Don’t Punish Your Kids – Discipline Them

“Don’t punish your kids.”

As a dad, my reaction to this one-liner I heard recently was a thoughtful, “Uhhh …..what???” But months later, I find I am still fascinated by this point….and the significant counterpoint that follows.

As I have meditated on this, I have come to believe that punishment of anyone is a poor idea, and it is especially bad for children.  Often the discussion of child discipline revolves around spanking.  While spanking may be a useful tactic in some circumstances for some children, our discussion should really be what strategy should we use to raise successful children.  And I believe that strategy should always be child discipline, and never child punishment.

Never Punish Kids….Always Discipline Them

The point of this concept is that we should never punish kids, but instead we should always think in terms of how to discipline kids.  Merriam-Webster’s online dictionary makes the distinction more clear:

Punishment: “suffering, pain, or loss that serves as retribution
Discipline: “training that corrects, molds, or perfects the mental faculties or moral character“.

When put that way, the differences are obvious:

Punishment looks to the past.
Discipline looks to the future.

Punishment is about settling a wrong.
Discipline is about keeping wrongs from settling in.

The heart of punishment is to scare people out of bad behavior.
The heart of discipline is to love people into good behavior.

Punishment? or Discipline?

Katie published another look at this in a recent blog post, and a YouTube video.

Do I Punish Others, Too?

It’s easy to think of children when we think of punishment and discipline, but we do well to consider how we relate to others.  Do I emotionally punish my friends, my employees, or people I interact with at the store?   If I do, how can I use the heart motive of discipline to change how I interact?

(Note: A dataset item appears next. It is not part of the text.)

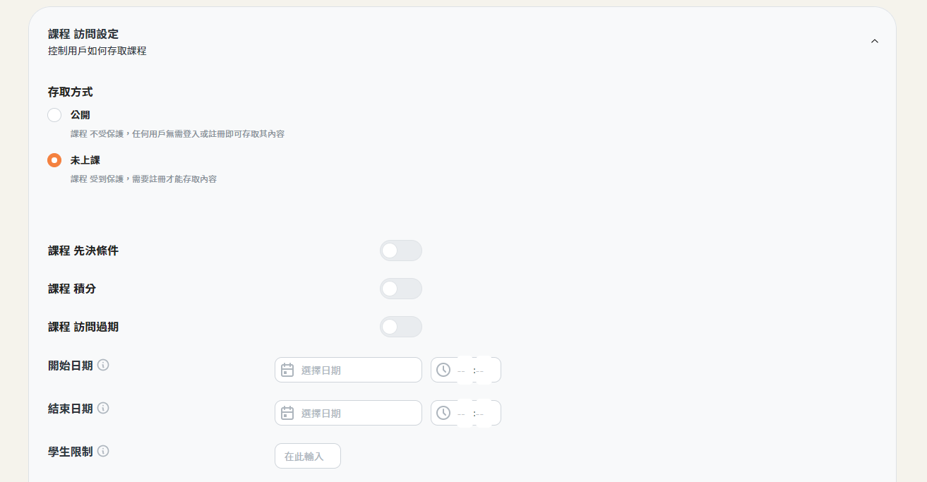 開始與結束時間,並且可限制學生人數(當有設置此功能,需要延期可以設定擴展存取權限)

Punishment of Self is the Worst

Punishment of self is the worst of all. Maybe you have you have spoken words of punishment to yourself, “I always act stupid like that.”  Or, thought something like “I’m a no good dirty, rotten worm.”

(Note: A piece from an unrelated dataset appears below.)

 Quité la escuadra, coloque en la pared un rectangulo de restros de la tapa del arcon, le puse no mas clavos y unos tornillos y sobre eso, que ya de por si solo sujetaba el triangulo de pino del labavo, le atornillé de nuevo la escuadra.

The reality is we cannot improve our lives by punishing ourselves.

Jesus told us to “love your neighbor as yourself”.  If my self love is really more self loathing, or self dislike…..how can I rise above that level in the loving of my neighbor?

But if I love myself as God loves me…..and if I lovingly discipline me instead of punishing me…..THAT love propels me on the pathways of Heaven to do the deeds of the Kingdom of God.

And it can work the same way for our children.